We give a near-optimal sample-pass trade-off for pure exploration in multi-armed bandits (MABs) via multi-pass streaming algorithms: any streaming algorithm with sublinear memory that uses the optimal sample complexity of $O(\frac{n}{\Delta^2})$ requires $\Omega(\frac{\log{(1/\Delta)}}{\log\log{(1/\Delta)}})$ passes. Here, $n$ is the number of arms and $\Delta$ is the reward gap between the best and the second-best arms. Our result matches the $O(\log(\frac{1}{\Delta}))$-pass algorithm of Jin et al. [ICML'21] (up to lower order terms) that only uses $O(1)$ memory and answers an open question posed by Assadi and Wang [STOC'20].

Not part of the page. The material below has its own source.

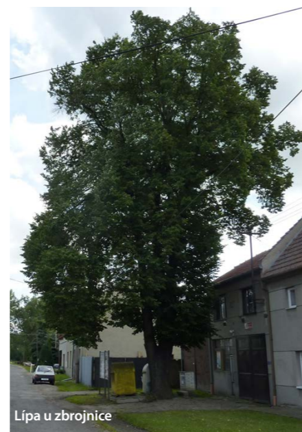
Lípa u zbrojnice

翻译：我们针对多臂赌博机（MAB）中的纯探索问题，通过多轮次流式算法给出了近乎最优的样本-轮次权衡：任何使用次线性内存且达到最优样本复杂度 $O(\frac{n}{\Delta^2})$ 的流式算法，都需要 $\Omega(\frac{\log{(1/\Delta)}}{\log\log{(1/\Delta)}})$ 轮次。其中 $n$ 表示臂的数量，$\Delta$ 表示最优臂与次优臂之间的奖励间隔。我们的结果与 Jin 等人 [ICML'21] 提出的仅使用 $O(1)$ 内存的 $O(\log(\frac{1}{\Delta}))$ 轮次算法（仅相差低阶项）相匹配，并回答了 Assadi 与 Wang [STOC'20] 提出的一个开放性问题。